格好いいよ。めちゃくちゃ格好いいよ。本人に言うと調子に乗るから言わない。今更格好いいなんて言えないし。
今は元カレの彼氏も、雰囲気が少し忍足に似ていたから付き合っていただけ。でも、優しかった。優しくて、いい人だったから、いつの間にか本気で好きになっていた。だから、振られたのが悔しいのかも知れない。だけど、忍足みたいな格好いい人が私なんかを相手にしてくれる訳ない。だから、私には手の届かない人なんだよ…。
振り向いてはくれないから。きっと、私の事異性として見ていないに決まっている。その証拠に、いつもからかってくる。今だってそうだ。からかいに来ただけ。
近い様で遠い存在。届いてそうで届いてない距離。だから、友達のままの方がいい。

「ったく…からかいに来ただけ?暇な奴だねッ!」

「嫌味たっぷりな奴やなぁー」

「本当の事じゃない」

「まぁええわ。桜今日暇やろ?」

「……彼氏にフラレたからずぅーっと暇ですけど…」

「ほなら今日デートせぇへん?」


―――――えっ…?


なんで私、忍足に誘われてるの?
確に今日私は暇だ。
彼氏と別れたんだから、用事なんてない。
だけど……。
なんで今日、デートに誘うの?
期待しちゃうじゃん。その気にしちゃうじゃん。
今日じゃなくても、デートするなら明日でもいいじゃない。
なのに、なんでいきなり今日誘うの?

「えっ…」

「そやって今日桜誕生日やろ?」

「そ、そうだけど…」

「誰も過ごす奴おらへんなんて寂しいやん。そやから俺が一緒に過ごしたる」

「なっ!?」

なんだこいつはッ!?
そんな理由かよ!?
理由はどうあれ、忍足と一緒に過ごせるのは嬉しい。だけど…ッ!!その理由が気に食わないッ!!
仕方なく私と過ごすみたいじゃない。それでも、嬉しいと思ってしまう単純な私。

「なんやせぇーへんのか?」

にやつきながら言う忍足。
負けず嫌いな私の性格見抜いている。私がここで行かないと言わない事を完全に見抜いている。悔しいけど、私は頷くしかない。

「い、行くわよ…」

「ほな決まりやな」

悔しい。だけど嬉しい。
こんな笑顔向けられたら、誰だって期待しちゃうよ。
忍足がモテる理由が身に染みてよく解った。
期待してもいいの…?
勘違いなら、早く言って欲しいよ…。
我儘なんて言わない。
結ばれたいなんて、そんな欲望抱いたりなんてしないから。
誕生日、一緒に祝ってもらえるだけで幸せだから。

「学校終わったら迎えいったるから。
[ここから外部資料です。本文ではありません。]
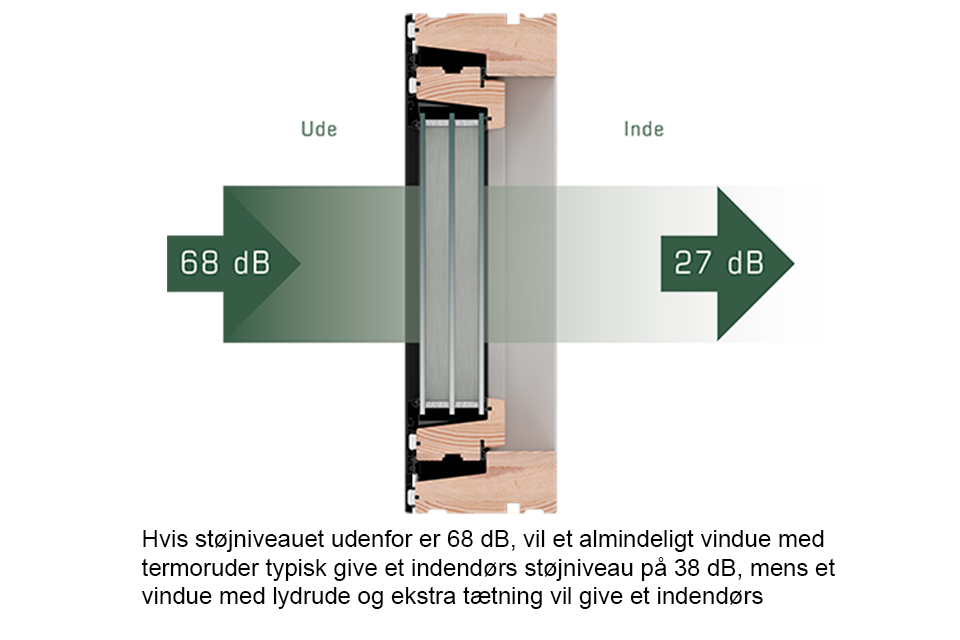Hvis støjniveauet udenfor er 68 dB, vil et almindeligt vindue med termoruder typisk give et indendørs støjniveau på 38 dB, mens et vindue med lydrude og ekstra tætning (f.eks. Rationel Auraplus træ/alu, 3-lags med udvidet lyddæmpning) vil give dig et indendørs støjniveau på 27 dB.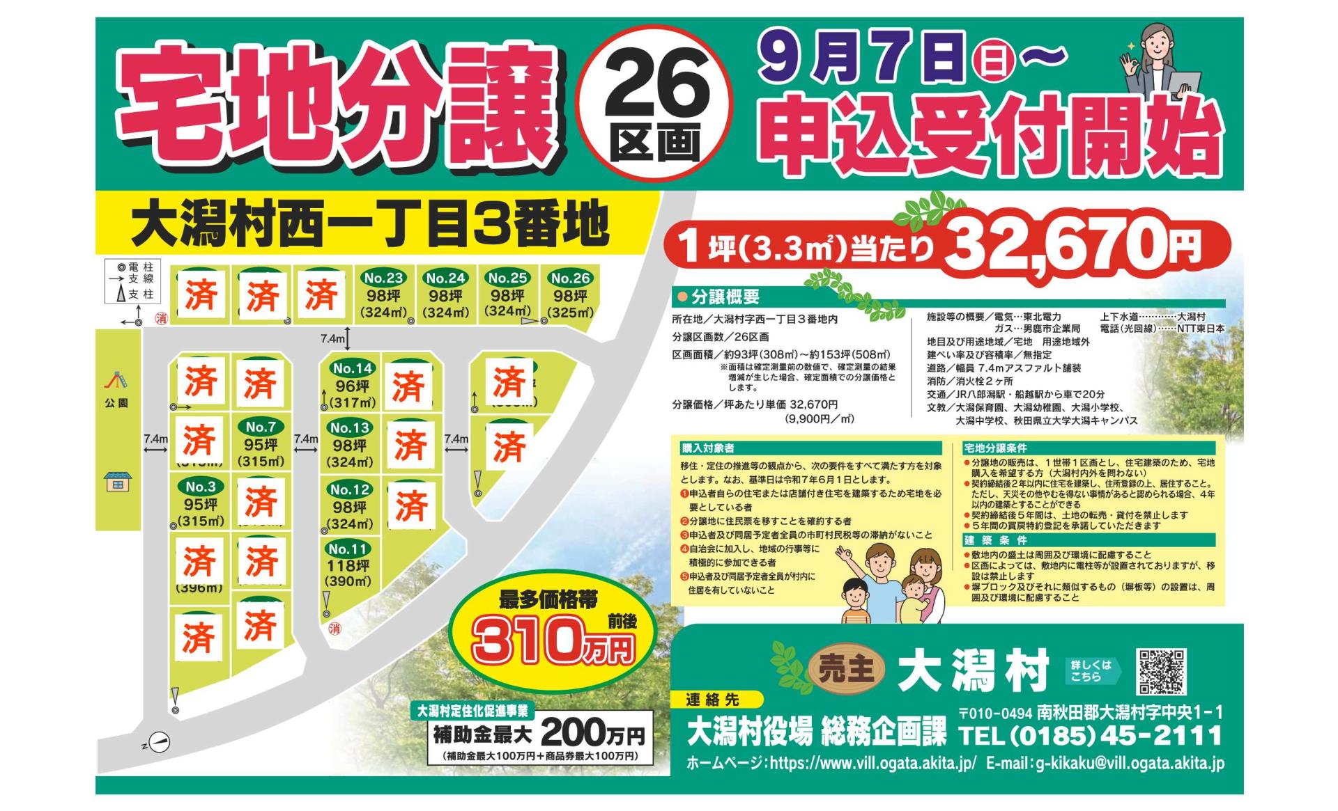 大潟村では、人口減少対策のため、移住定住を促進する観点から、西一丁目3番地に造成した分譲地の販売を次のとおり行います。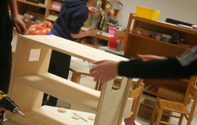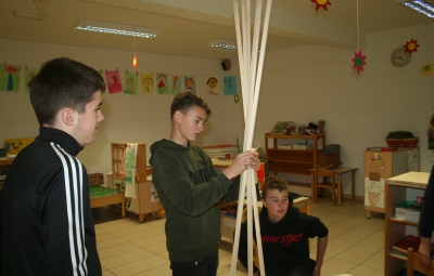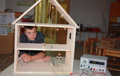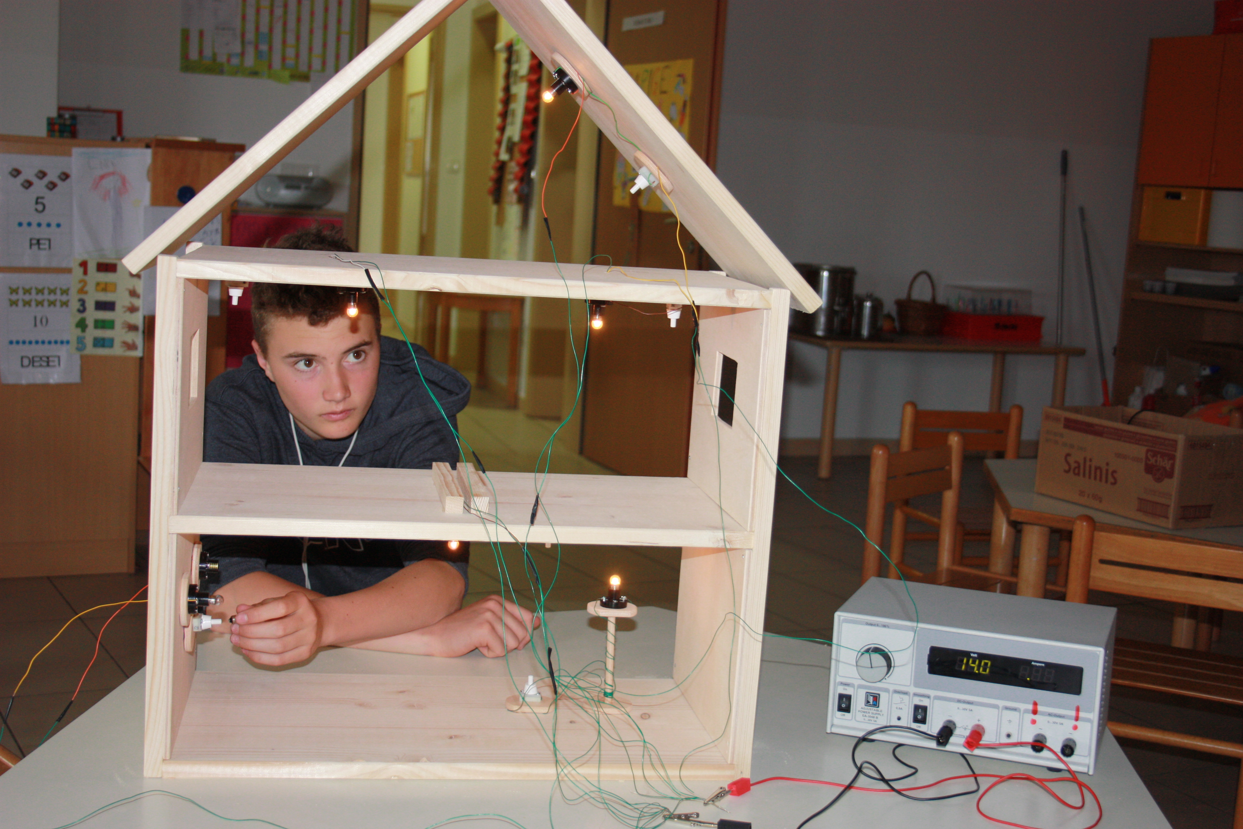 Ena izmed ekip je izdelala in sestavila leseno hiško. Pravi izziv je bilo v to hišo napeljati razsvetljavo.

ちゃんと支度しといてやぁ」

「わ、分かってるわよ」

私は滲み出る笑顔を抑えながら、強がりで返事を返した。
期待しないようにしているけど、何かあるんじゃないかと先の展開を期待しちゃう。
何もある訳ないのに…。だけど、もしかしたらと言う僅かな可能性にすがるしかない。
期待を持って、裏切られる事を前提に…。